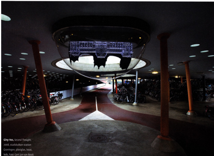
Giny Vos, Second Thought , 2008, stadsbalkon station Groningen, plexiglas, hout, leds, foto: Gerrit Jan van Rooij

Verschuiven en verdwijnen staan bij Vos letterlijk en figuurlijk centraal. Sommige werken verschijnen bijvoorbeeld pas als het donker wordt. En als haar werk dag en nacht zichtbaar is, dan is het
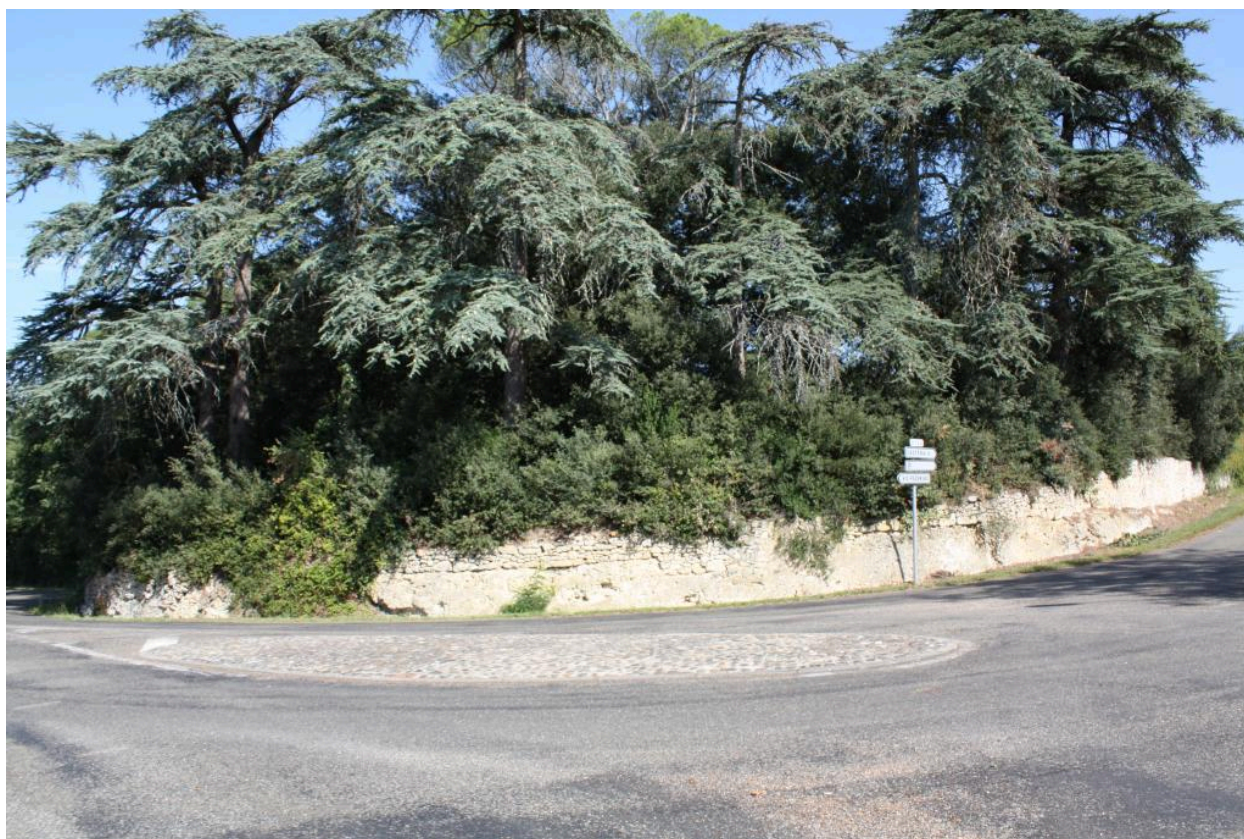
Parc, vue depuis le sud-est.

Exercise - Repeat the data word for word, minus any pictures.

Written response -
Giny Vos, Second Thought , 2008, stadsbalkon station Groningen, plexiglas, hout, leds, foto: Gerrit Jan van Rooij

Verschuiven en verdwijnen staan bij Vos letterlijk en figuurlijk centraal. Sommige werken verschijnen bijvoorbeeld pas als het donker wordt. En als haar werk dag en nacht zichtbaar is, dan is het
Parc, vue depuis le sud-est.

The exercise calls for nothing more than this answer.